• [Exercise]: Starting with the first line below, extract each line through the one that contains "Stylish tan key", inclusive, excluding pictures.

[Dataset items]

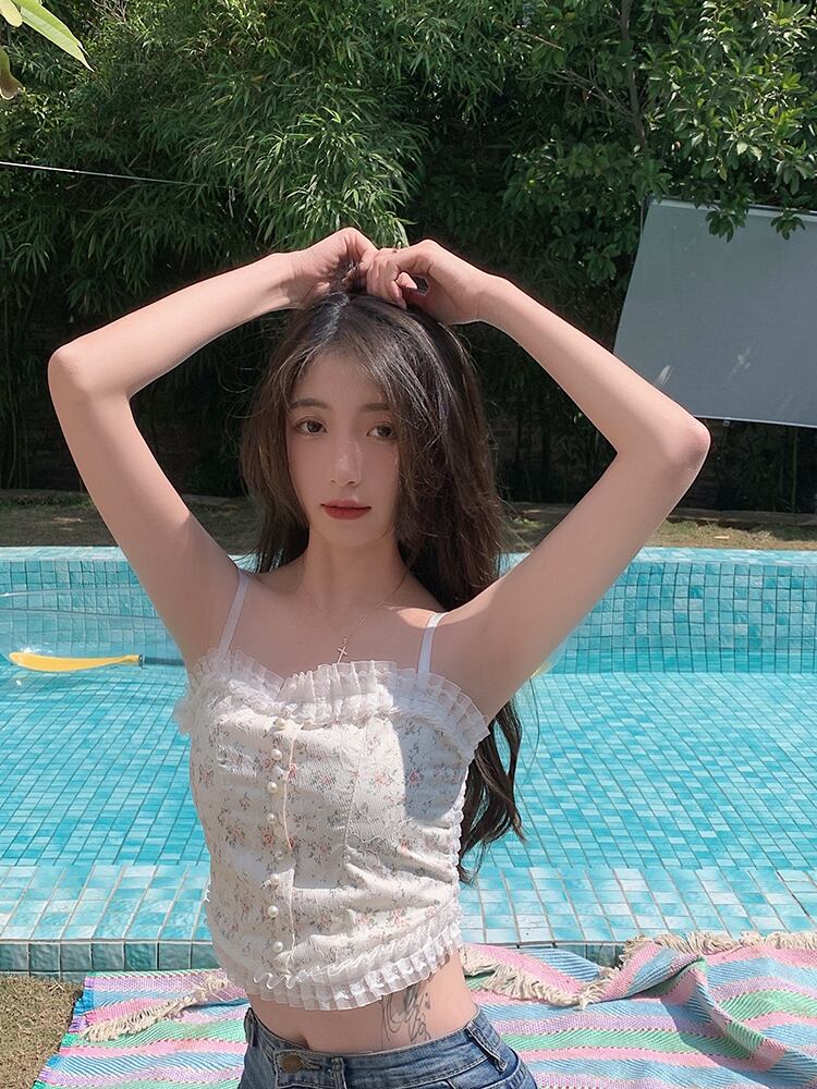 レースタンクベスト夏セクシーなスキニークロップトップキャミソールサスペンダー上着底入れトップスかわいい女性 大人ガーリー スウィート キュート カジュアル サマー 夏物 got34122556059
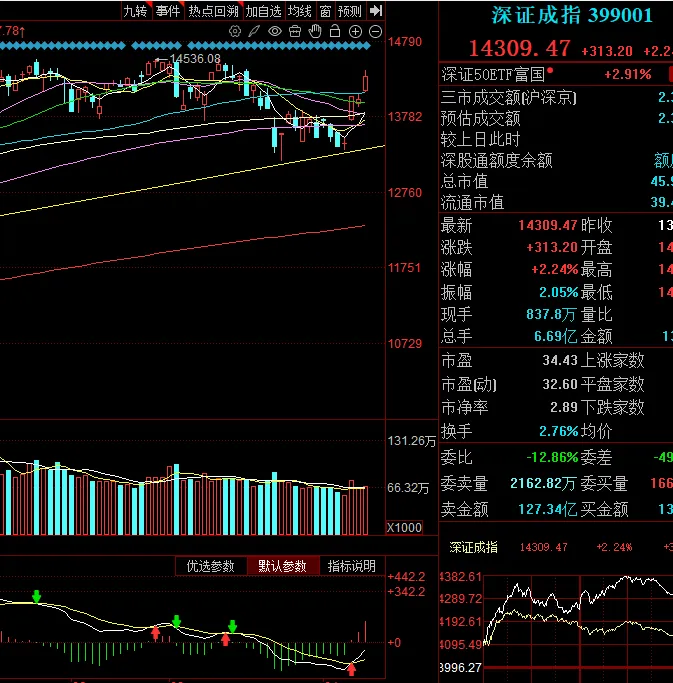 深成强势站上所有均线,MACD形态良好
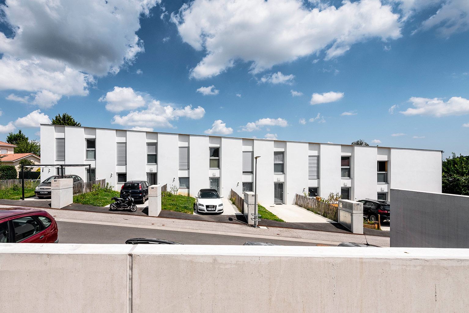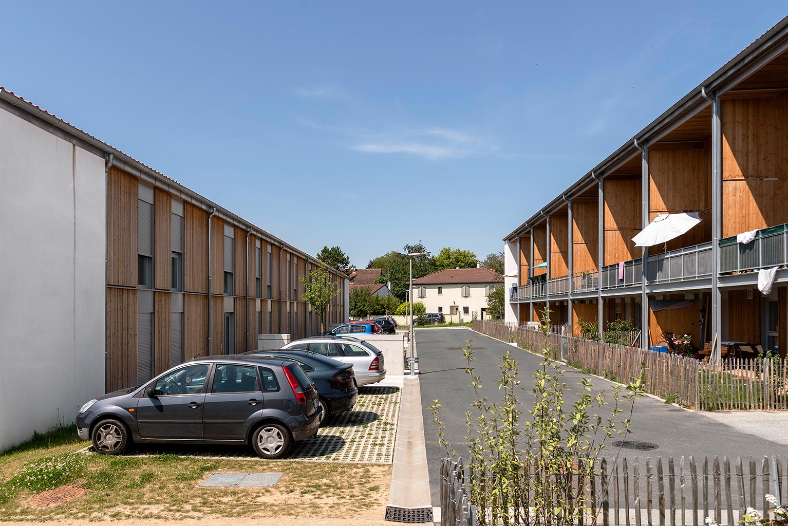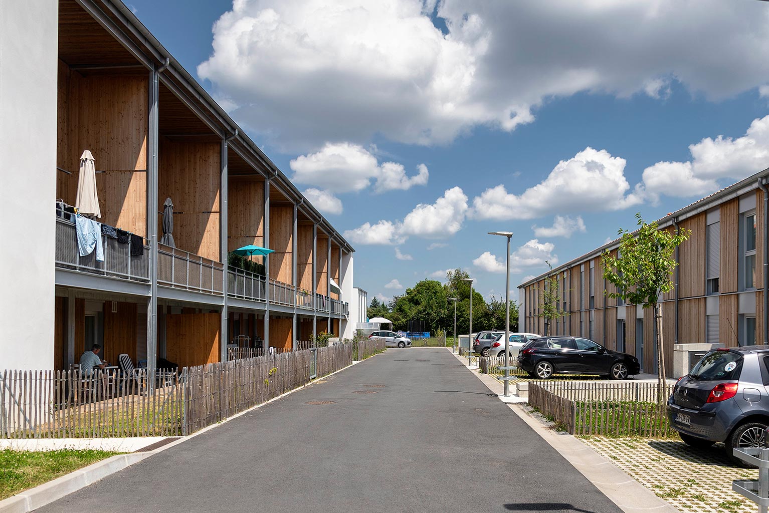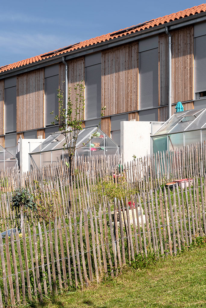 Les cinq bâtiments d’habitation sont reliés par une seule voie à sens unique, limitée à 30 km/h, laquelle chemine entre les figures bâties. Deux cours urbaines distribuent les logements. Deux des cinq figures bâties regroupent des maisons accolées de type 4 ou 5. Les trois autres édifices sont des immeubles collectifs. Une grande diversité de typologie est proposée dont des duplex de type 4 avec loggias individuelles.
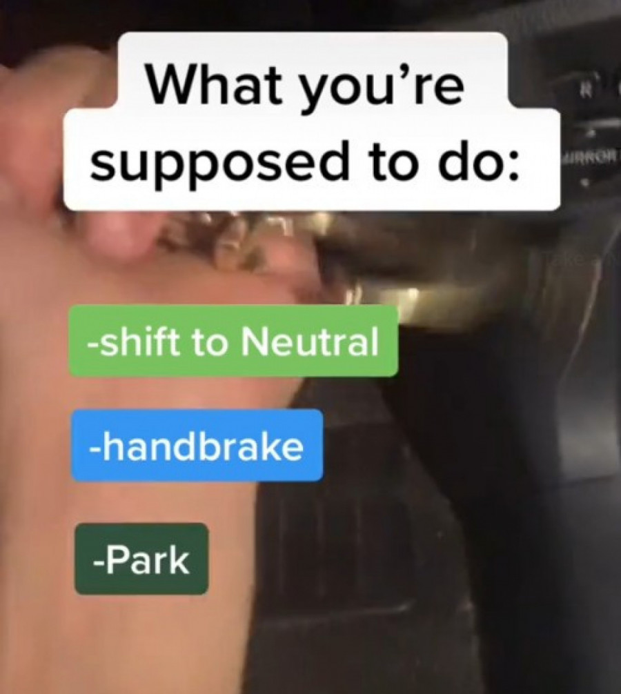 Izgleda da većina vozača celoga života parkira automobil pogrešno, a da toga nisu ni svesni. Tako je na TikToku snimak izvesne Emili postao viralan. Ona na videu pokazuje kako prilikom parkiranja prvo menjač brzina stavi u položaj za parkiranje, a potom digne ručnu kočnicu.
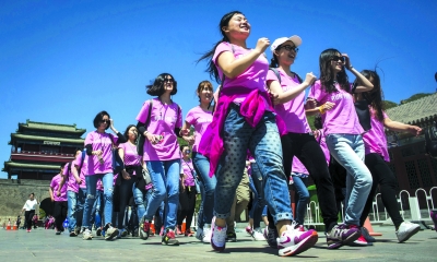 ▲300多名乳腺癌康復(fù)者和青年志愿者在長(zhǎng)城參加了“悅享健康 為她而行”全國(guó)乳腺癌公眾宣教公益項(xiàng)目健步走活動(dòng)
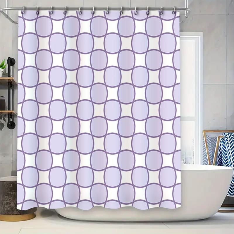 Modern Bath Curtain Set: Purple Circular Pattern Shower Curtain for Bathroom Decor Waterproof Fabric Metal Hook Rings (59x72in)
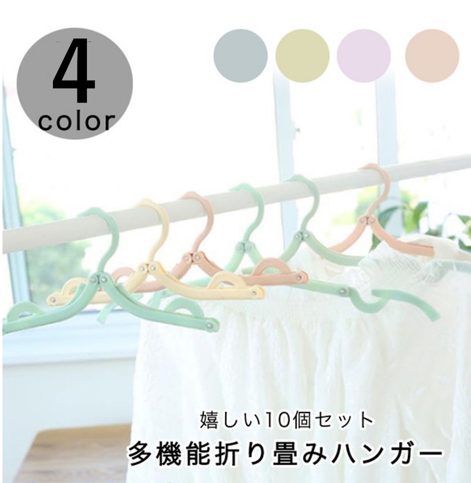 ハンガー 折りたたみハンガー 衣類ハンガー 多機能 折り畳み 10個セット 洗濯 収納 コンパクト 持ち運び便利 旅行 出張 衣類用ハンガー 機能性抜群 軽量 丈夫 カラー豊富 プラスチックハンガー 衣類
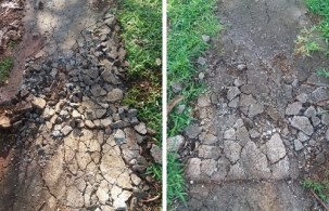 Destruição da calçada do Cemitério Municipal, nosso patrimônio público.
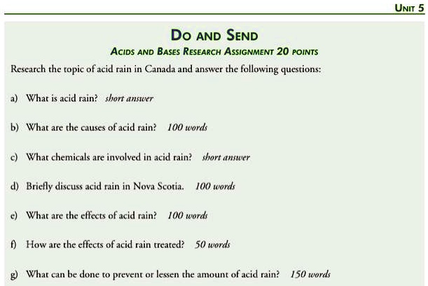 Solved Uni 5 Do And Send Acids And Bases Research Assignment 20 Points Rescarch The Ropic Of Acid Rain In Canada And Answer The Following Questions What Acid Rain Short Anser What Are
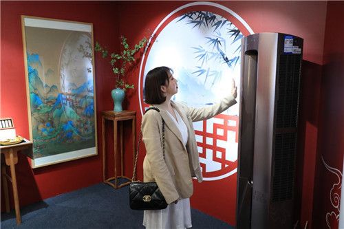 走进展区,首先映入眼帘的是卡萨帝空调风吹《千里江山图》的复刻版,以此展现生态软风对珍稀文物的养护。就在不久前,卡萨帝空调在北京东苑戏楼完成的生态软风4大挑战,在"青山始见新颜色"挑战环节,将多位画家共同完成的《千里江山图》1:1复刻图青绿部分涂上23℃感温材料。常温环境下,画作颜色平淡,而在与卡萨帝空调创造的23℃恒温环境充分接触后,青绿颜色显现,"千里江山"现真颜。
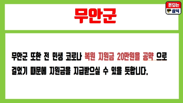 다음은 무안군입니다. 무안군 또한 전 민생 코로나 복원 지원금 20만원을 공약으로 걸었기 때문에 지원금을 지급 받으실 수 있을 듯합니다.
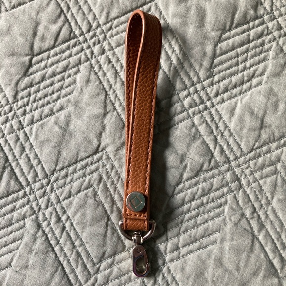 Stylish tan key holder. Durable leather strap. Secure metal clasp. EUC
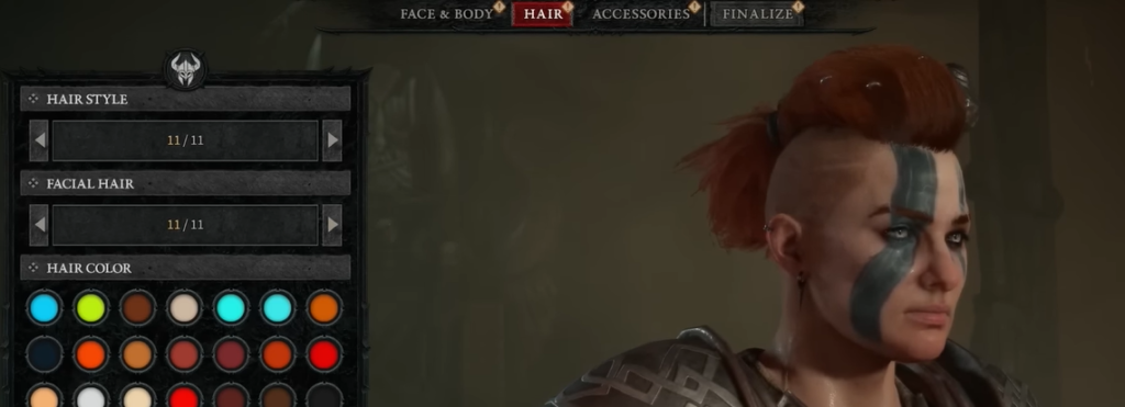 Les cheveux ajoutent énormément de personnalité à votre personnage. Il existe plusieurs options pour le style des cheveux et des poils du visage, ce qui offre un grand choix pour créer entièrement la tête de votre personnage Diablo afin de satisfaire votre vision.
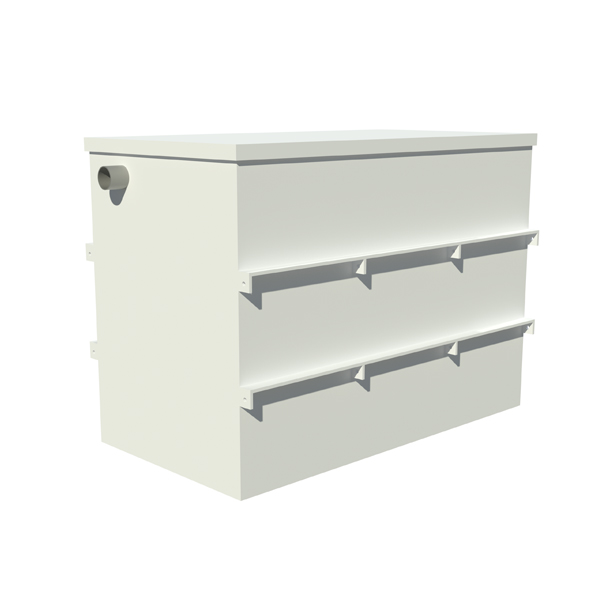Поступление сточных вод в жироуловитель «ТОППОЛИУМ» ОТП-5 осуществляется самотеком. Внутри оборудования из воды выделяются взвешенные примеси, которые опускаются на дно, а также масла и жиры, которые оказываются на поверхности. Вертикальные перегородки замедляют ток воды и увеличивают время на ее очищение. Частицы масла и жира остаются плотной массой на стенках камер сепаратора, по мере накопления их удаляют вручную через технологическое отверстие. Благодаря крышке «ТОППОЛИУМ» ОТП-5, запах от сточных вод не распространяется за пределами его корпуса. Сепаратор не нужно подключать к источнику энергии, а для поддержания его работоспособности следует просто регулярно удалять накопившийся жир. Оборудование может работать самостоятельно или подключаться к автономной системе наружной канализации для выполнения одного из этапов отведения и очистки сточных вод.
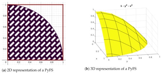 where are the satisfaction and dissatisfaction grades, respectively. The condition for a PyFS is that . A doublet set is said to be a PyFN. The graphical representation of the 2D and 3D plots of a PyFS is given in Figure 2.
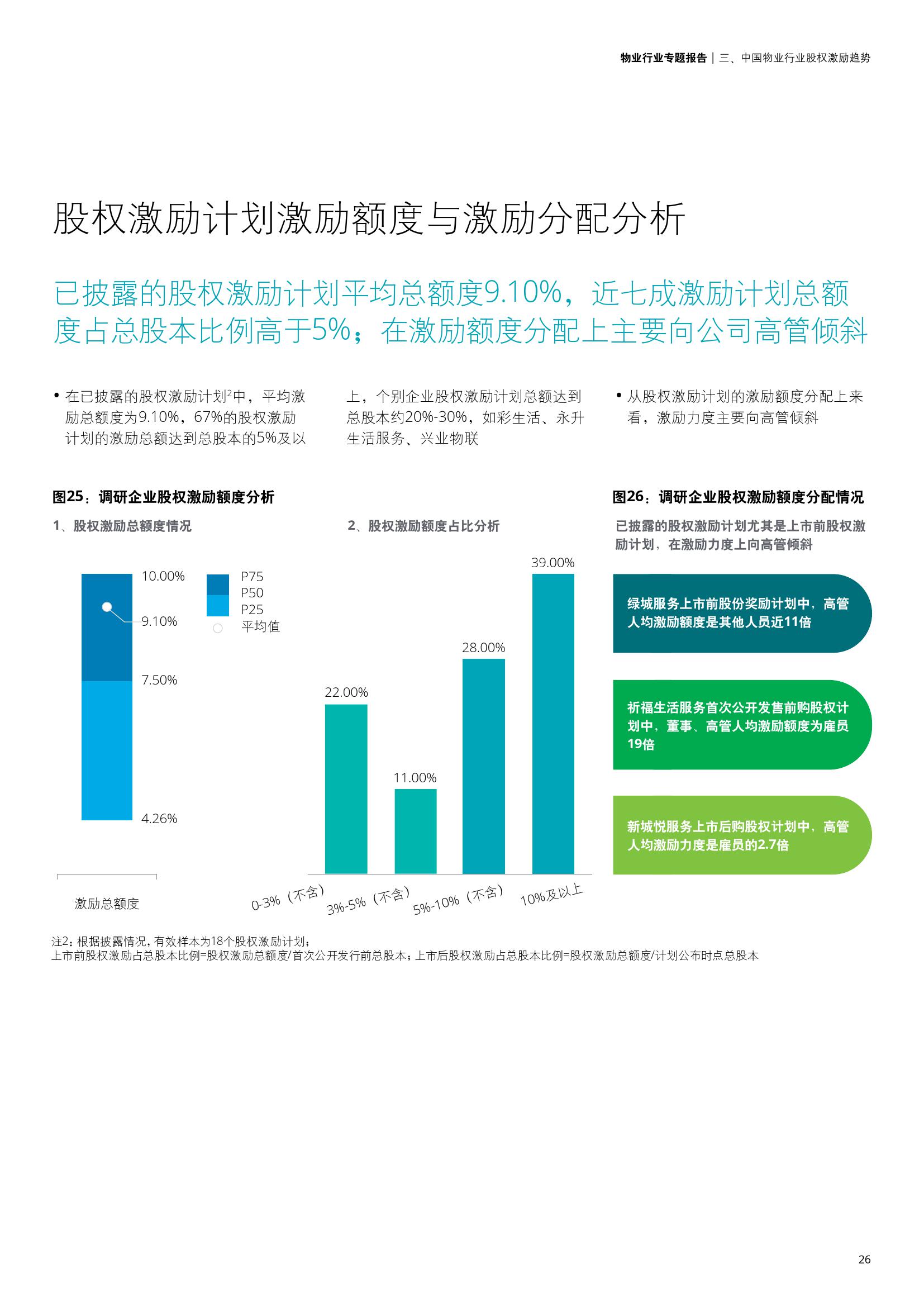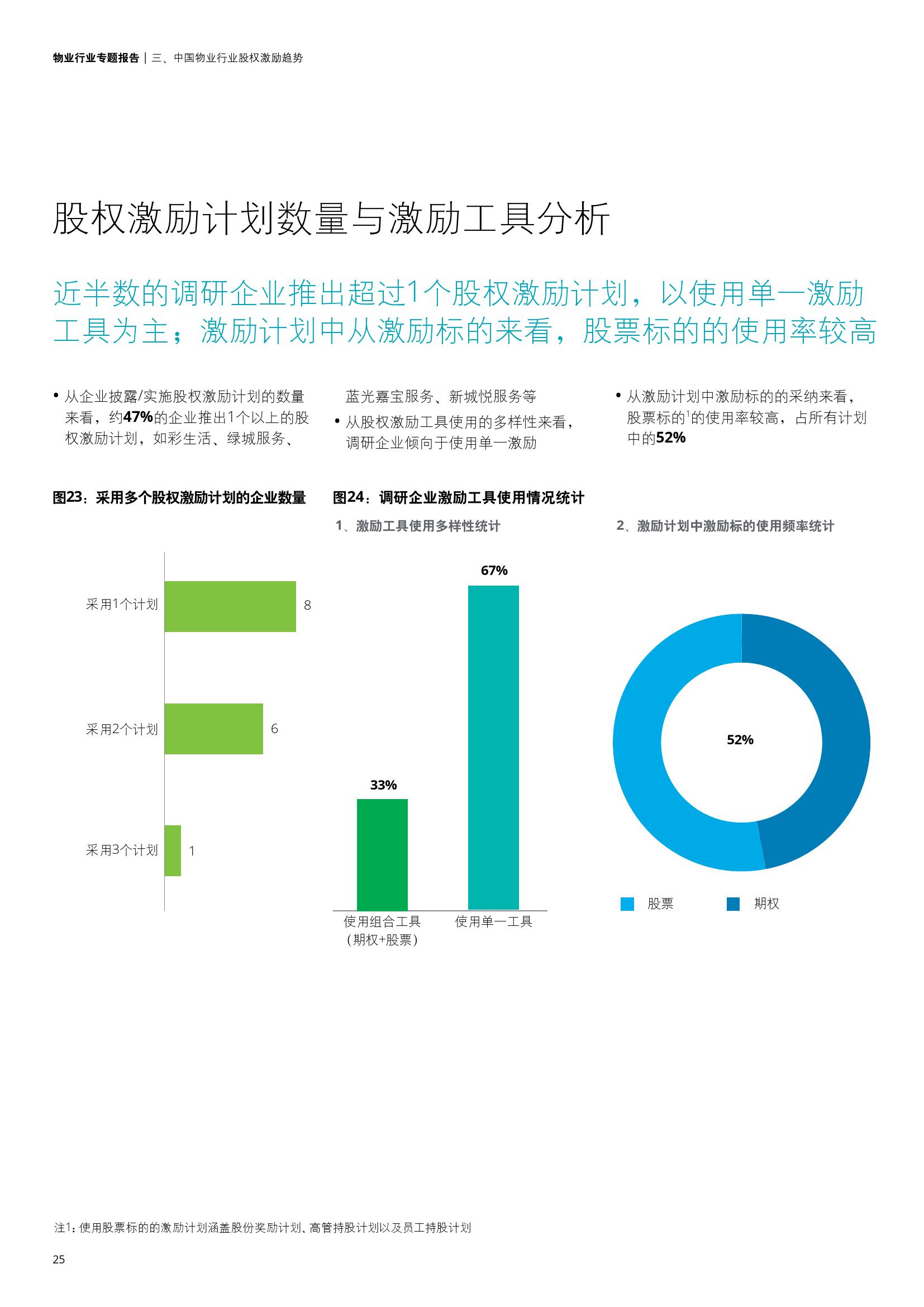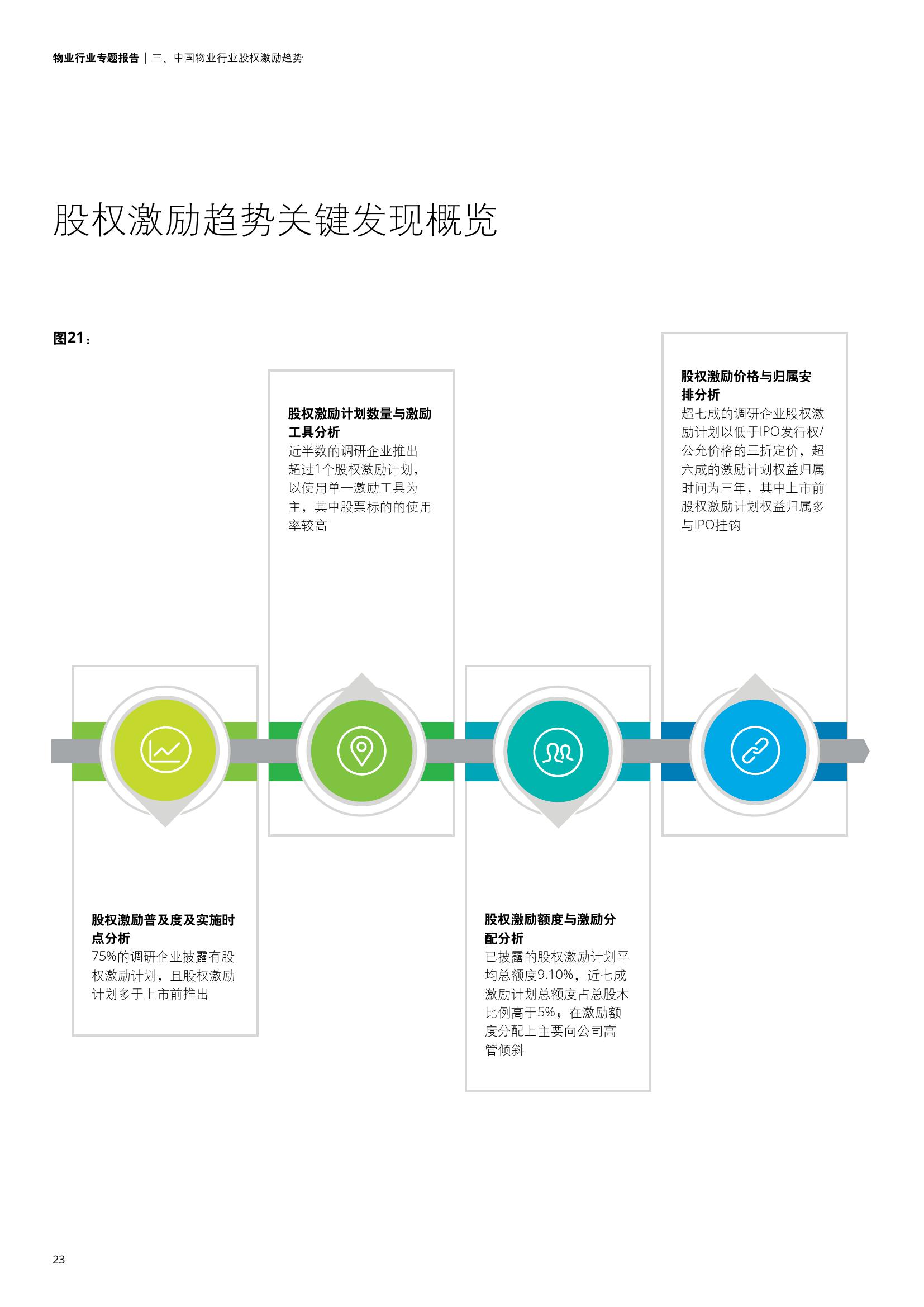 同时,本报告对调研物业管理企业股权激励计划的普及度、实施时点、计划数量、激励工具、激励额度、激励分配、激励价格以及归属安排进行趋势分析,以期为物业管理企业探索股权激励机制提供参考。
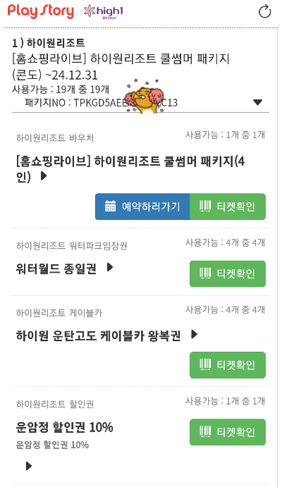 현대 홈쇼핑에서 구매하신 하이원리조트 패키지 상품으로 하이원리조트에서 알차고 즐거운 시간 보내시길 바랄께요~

• [Your response]:
 レースタンクベスト夏セクシーなスキニークロップトップキャミソールサスペンダー上着底入れトップスかわいい女性 大人ガーリー スウィート キュート カジュアル サマー 夏物 got34122556059
 深成强势站上所有均线,MACD形态良好
 Les cinq bâtiments d’habitation sont reliés par une seule voie à sens unique, limitée à 30 km/h, laquelle chemine entre les figures bâties. Deux cours urbaines distribuent les logements. Deux des cinq figures bâties regroupent des maisons accolées de type 4 ou 5. Les trois autres édifices sont des immeubles collectifs. Une grande diversité de typologie est proposée dont des duplex de type 4 avec loggias individuelles.
 Izgleda da većina vozača celoga života parkira automobil pogrešno, a da toga nisu ni svesni. Tako je na TikToku snimak izvesne Emili postao viralan. Ona na videu pokazuje kako prilikom parkiranja prvo menjač brzina stavi u položaj za parkiranje, a potom digne ručnu kočnicu.
 ▲300多名乳腺癌康復(fù)者和青年志愿者在長(zhǎng)城參加了“悅享健康 為她而行”全國(guó)乳腺癌公眾宣教公益項(xiàng)目健步走活動(dòng)
 Modern Bath Curtain Set: Purple Circular Pattern Shower Curtain for Bathroom Decor Waterproof Fabric Metal Hook Rings (59x72in)
 ハンガー 折りたたみハンガー 衣類ハンガー 多機能 折り畳み 10個セット 洗濯 収納 コンパクト 持ち運び便利 旅行 出張 衣類用ハンガー 機能性抜群 軽量 丈夫 カラー豊富 プラスチックハンガー 衣類
 Destruição da calçada do Cemitério Municipal, nosso patrimônio público.
 Solved Uni 5 Do And Send Acids And Bases Research Assignment 20 Points Rescarch The Ropic Of Acid Rain In Canada And Answer The Following Questions What Acid Rain Short Anser What Are
 走进展区,首先映入眼帘的是卡萨帝空调风吹《千里江山图》的复刻版,以此展现生态软风对珍稀文物的养护。就在不久前,卡萨帝空调在北京东苑戏楼完成的生态软风4大挑战,在"青山始见新颜色"挑战环节,将多位画家共同完成的《千里江山图》1:1复刻图青绿部分涂上23℃感温材料。常温环境下,画作颜色平淡,而在与卡萨帝空调创造的23℃恒温环境充分接触后,青绿颜色显现,"千里江山"现真颜。
 다음은 무안군입니다. 무안군 또한 전 민생 코로나 복원 지원금 20만원을 공약으로 걸었기 때문에 지원금을 지급 받으실 수 있을 듯합니다.
 Stylish tan key holder. Durable leather strap. Secure metal clasp. EUC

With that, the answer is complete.